1-Bit Dither: Two Colors, Infinite Mood

What 1-Bit Dither Does

You have an image with 16 million colors. You're going to express it using two: black and white. Dithering decides where each one goes.

1-Bit Dither Algorithm Diagram

The illusion of gray comes from dot density. Lots of black pixels close together = looks dark. Sparse black on white = looks light. Stand back from the screen — your eye averages it.

Four Algorithms

Each produces a distinct look. Try all of them on the same image.

Threshold
Pixels above the threshold become white, below become black. No mixing. Hard, posterized. Best for high-contrast graphics and logos.

Floyd–Steinberg
Error diffusion: when a pixel rounds to black or white, the leftover "error" is pushed to neighboring pixels. Result: soft, slightly fuzzy gradients. The most photographic of the four.

Atkinson
Like Floyd–Steinberg but only diffuses 75% of the error and skips some neighbors. The result is brighter and more contrasty — this is the dither used on the original Macintosh.

Bayer
Uses an ordered matrix (2×2, 4×4, or 8×8) to decide threshold per pixel. The output has a visible regular pattern — looks like a pre-print halftone. Best when you want the pattern visible.

Parameters

Threshold (0–255)
Center point for black vs white. 128 = neutral.

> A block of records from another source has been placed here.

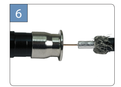
Insert the cable into the back of the connector and into the floating pin. Push the connector on while rotating until fully seated.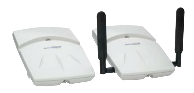
Altitude 350-2 integrated and detachable dual-radio access points provide secure, high-performance wireless coverage for demanding enterprise applications.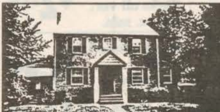
TWO PLUS GARAGE - BEAUTIFUL AND LARGE: Five bedrooms, 2.5 baths, formal din-rm, cent. a/c. w/w carpet, sun-deck and much much more. All for only $159,500. Call 345-2151.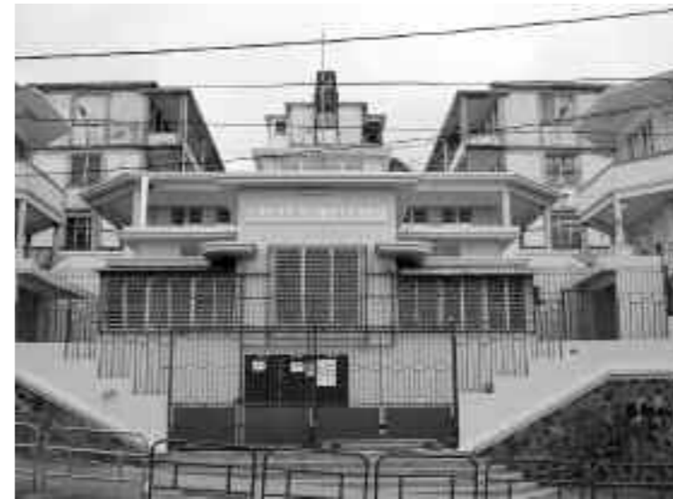
Fig. 2. Lycée Schœlcher seen from the entrance, 1937

Apparently the first modern work in Martinique would have been for the Fort-de-France sailing club in 1927, an unbuilt project by architect Gérard Corbin 1 of Guadeloupe (1905). The first modern building erected was l'Église du Prêcheur, probably built around 1930. A key factor seems to be at the origin of this architecture's development. Through the May 21, 1930 law, the French State allocated 50 million francs to Martinique to repair the damage caused by Mount Pelée's last volcanic explosion in September 1929. 2 Concurrently the Conseil général (Regional Council) raised a public loan of 150 million francs. 3 These efforts materialized as the renewal of many public constructions: town halls in Saint-Pierre (1934), in Grande-Rivière (1932), at Lamentin (1934, Louis Caillat), schools in Basse-Pointe and Bellefontaine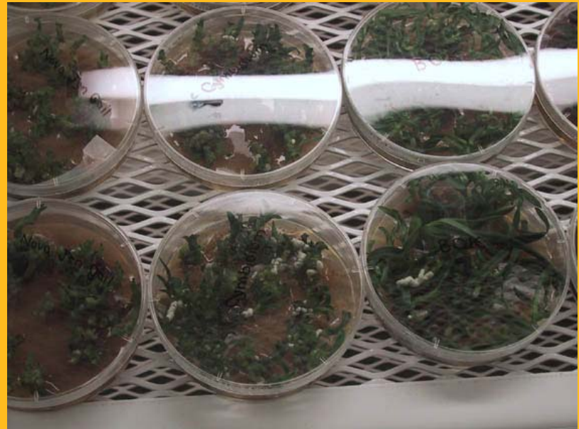
Young cymbidium orchids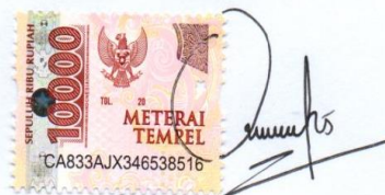
Nur Istiroqah Sanjaya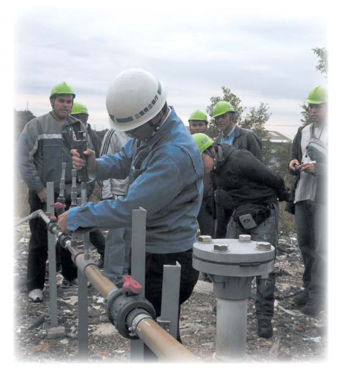
Study-tour of a gas detecting operation

Aiming to develop human resources in the field of environmental protection, ICETT provides training programs for government officials, engineers and researchers from various countries focusing on Japan's environmental policy and framework, and leading technologies. ICETT organizes training programs in Japan as well as overseas.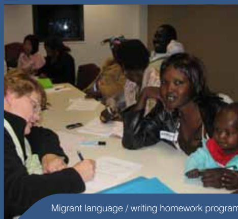
Migrant language / writing homework program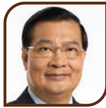
Honorary President Tam Yiu Chung

GBM, GBS, JP Member of the 13rd Standing Committee of the National People's Congress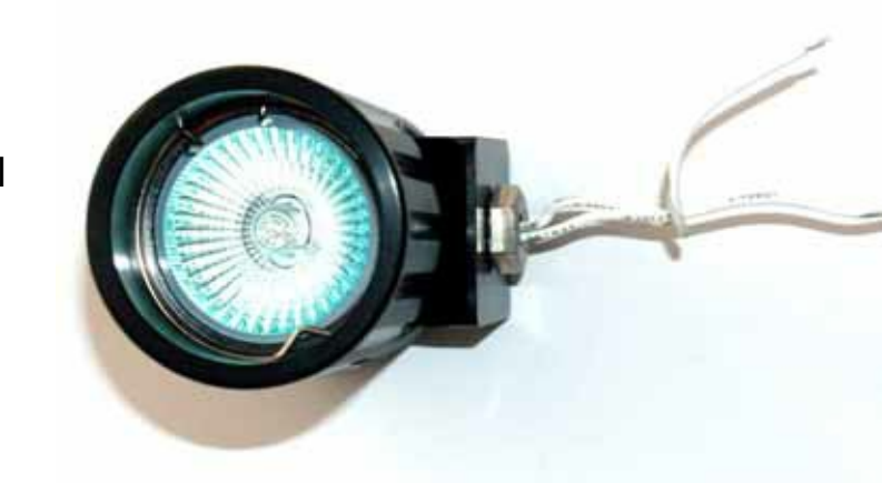
Step 6 You can unscrew and withdraw the hollow bolt now.

Squeeze the ends of the wire clip between your thumb and forefinger and insert the clip in to the bore of the X-Lite body. When the bulb and clip are properly seated, the clip will snap into a groove and securely retain the bulb.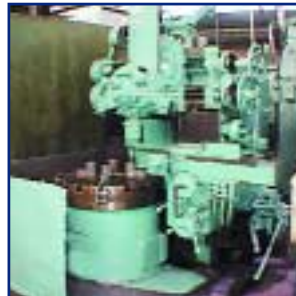
BULLARD 42" VERTICAL TURRET LATHE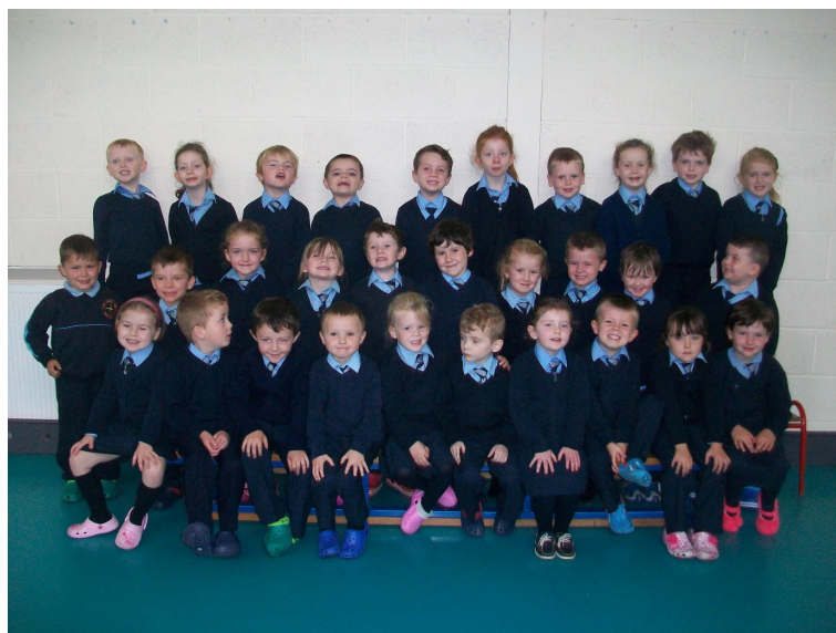
Welcome to our new Junior Infants who are all settling in so well to big school!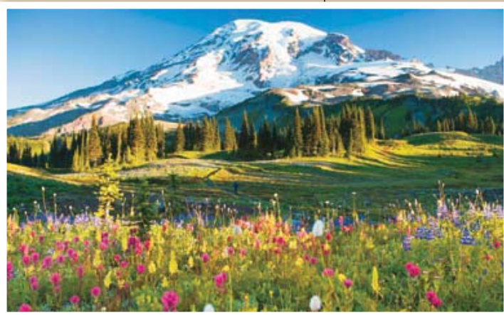
◀ 14,410-foot Mt. Rainier, as seen from Paradise, which we visit on Day 8.

The world's first national park teems with wildlife and natural wonders. Old Faithful • Upper and Lower Yellowstone Falls • Fountain Paint Pots • West Thumb Geyser Basin • Board the GrandLuxe Express • Overnight GrandLuxe Express (B,L,D)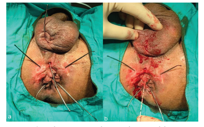
Figure 2. a) Fistulous openings at the perianal region and the scrotum. b) Application of the laser probe from one of the openings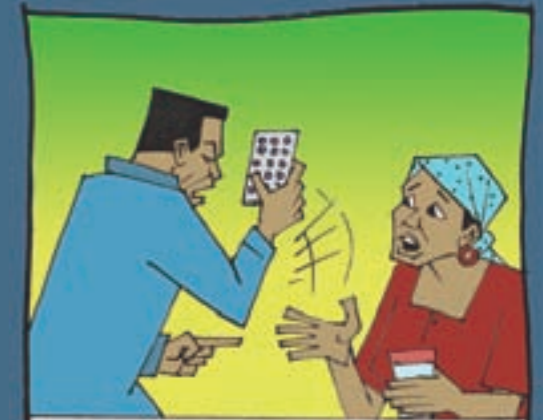
Denied access to treatment and care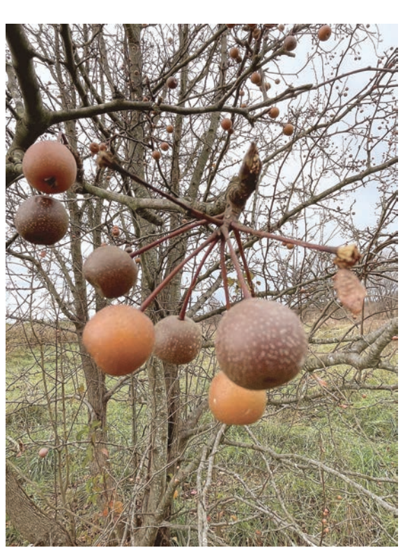
Callery pear and it's cultivar, Bradford Pear, escape area yards and grow in dense groupings in nearby forests, crowding out native trees

nature by the Governor Northam. If enacted by the Governor the work study recommendations will be due in November 2021 for potential action by the 2022 General Assembly.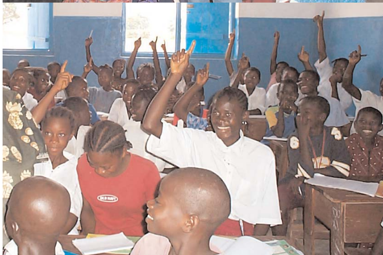
Older primary school class, Voinjama Public School, Lofa County, Liberia.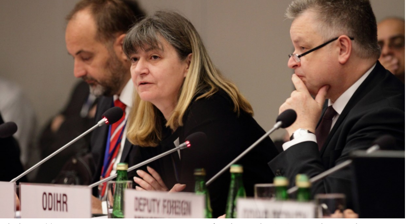
Ambassador Sanja Milinković (c), Deputy Permanent Representative of Serbia to the OSCE, speaking at the Human Dimension Seminar.

More than 100 representatives of governments, international organizations and civil society met in Warsaw from 1 to 3 June to discuss the important role of national human rights institutions (NHRIs) in promoting and protecting individual human rights at the three-day OSCE Human Dimension Seminar, organized by the OSCE Office for Democratic Institutions and Human Rights (ODIHR) in co-operation with the 2015 Serbian Chairmanship of the OSCE.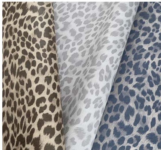
Items Shown (left to right): 26702 June's Jungle, 26705 Steel Prowl, 26703 Cosmic Roar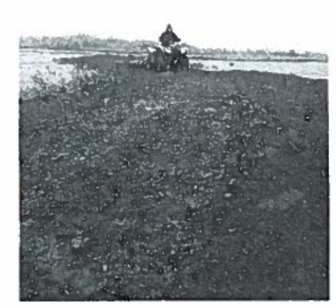
Above—A berm is lightly dragged by a SWCD employee on an ATV after grass was seeded and fertilized on the bison range.

Each range is unique in its location, forage species, and utilization by bison and other wildlife species.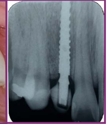
3 month post provisional restoration X-ray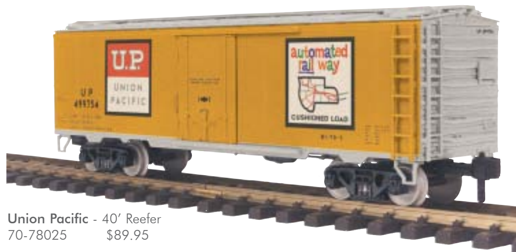
Union Pacific - 40' Reefer 70-78025 $89.95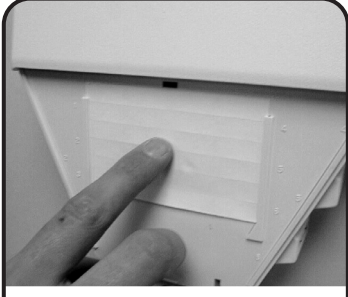
12 Label the outlets accordingly using the label sheet provided.

  • Lower: more white pixels, brighter overall

  • Higher: more black pixels, darker overall
  • Bayer Size (2 / 4 / 8) — Bayer only
    Smaller = chunkier visible pattern. Larger = finer, almost smooth.

    Pixel Scale (1–8)
    Downsamples before dithering. Higher = bigger, retro lo-fi dots.

    Good Subjects

  • Portraits: Atkinson gives that classic MacPaint face look

  • Landscapes: Floyd–Steinberg keeps tonal range

  • Type and logos: Threshold, crisp

  • Anything you want to feel printed: Bayer with low size
  • Recipes

    Original Macintosh

  • Atkinson, threshold 128, pixel scale 2

  • Looks like 1984 MacPaint
  • Newspaper Halftone

  • Bayer, size 4 or 8, threshold 128

  • Print-shop dots
  • Risograph

  • Floyd–Steinberg, threshold ~140

  • The slightly imperfect zine vibe
  • Fax Machine

  • Threshold, pixel scale 4

  • Pure crunch
  • What to Avoid

  • Subtle gradients you need to keep smooth: pick Floyd–Steinberg, not Threshold

  • Very small text: dither and font can fight
  • Combinations

  • Dither + CRT: scanlines on a 1-bit image. Computer terminal from another era.

  • Dither + RGB Shift: wait — RGB Shift adds color back. Run dither last for pure 1-bit. Or run RGB first for split-channel dithered chaos.

  • Dither + Block Jitter: scanned-and-corrupted printout.
  • The Idea

    Two colors is more than enough. The rest is math.